**Information supplied**
::::

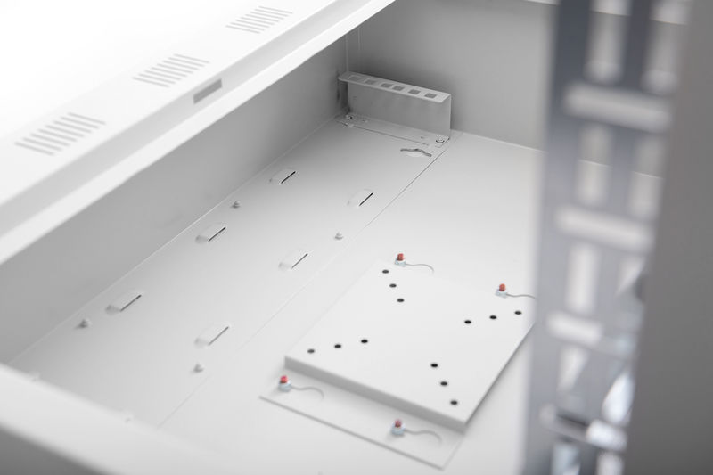 - 2 height units in the upper part of the housing, e.g. for one Socket strip, there is a mounting plate in the door with several fastening options and an additional height unit
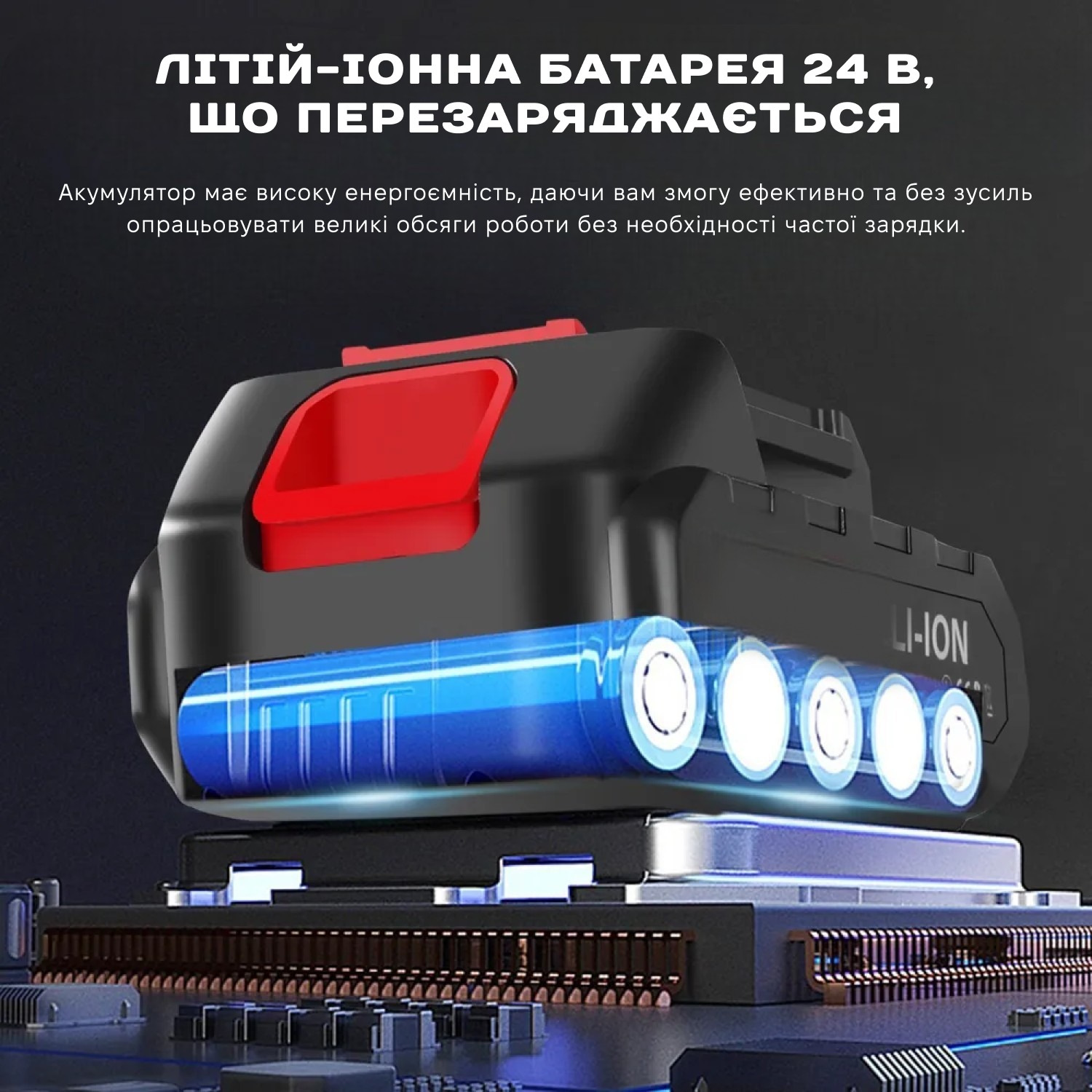 Акумуляторна пила - це потужний пристрій оснащений 24-вольтним акумулятором, забезпечуючи надійну та ефективну роботу тривалий час.
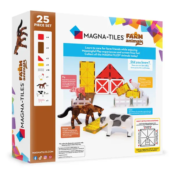 Mit das Magna Tiles Nutztiere 25-teiliges Set Magnetbausteine erleben Kinder die spannendsten Tierabenteuer. Dieses Konstruktionsspielzeug stimuliert stundenlanges fantasievolles, anleitungsfreies Spielen. Mit diese Magnetblöcke in verschiedenen Formen und leuchtenden transparenten Farben können Kinder stundenlanges inspirierendes Spiel erleben, die Chance, Strukturen ihrer Träume zu bauen. Bei dieses Konstruktionsspielzeug sind der Fantasie keine Grenzen gesetzt. Die Magna-Tiles sind langlebig und sicher, hergestellt aus lebensmittelechtem ABS-Kunststoff; frei von Phthalaten, Latex und BPA. Die Magnetblöcke halten jahrelanger Kreativität im Innen- und Außenbereich stand. Magna-Tiles bestehen aus einfach zu handhabenden 3D-Formen, die für kleine Hände konzipiert sind und sich mit einem markanten "Klick" einfach zusammenfügen lassen.

::::

Repeat word for word the lines from the one holding "Акумуляторна пила - це" through the last line of the listing above, including both ends. Drop the pictures.

 Акумуляторна пила - це потужний пристрій оснащений 24-вольтним акумулятором, забезпечуючи надійну та ефективну роботу тривалий час.
 Mit das Magna Tiles Nutztiere 25-teiliges Set Magnetbausteine erleben Kinder die spannendsten Tierabenteuer. Dieses Konstruktionsspielzeug stimuliert stundenlanges fantasievolles, anleitungsfreies Spielen. Mit diese Magnetblöcke in verschiedenen Formen und leuchtenden transparenten Farben können Kinder stundenlanges inspirierendes Spiel erleben, die Chance, Strukturen ihrer Träume zu bauen. Bei dieses Konstruktionsspielzeug sind der Fantasie keine Grenzen gesetzt. Die Magna-Tiles sind langlebig und sicher, hergestellt aus lebensmittelechtem ABS-Kunststoff; frei von Phthalaten, Latex und BPA. Die Magnetblöcke halten jahrelanger Kreativität im Innen- und Außenbereich stand. Magna-Tiles bestehen aus einfach zu handhabenden 3D-Formen, die für kleine Hände konzipiert sind und sich mit einem markanten "Klick" einfach zusammenfügen lassen.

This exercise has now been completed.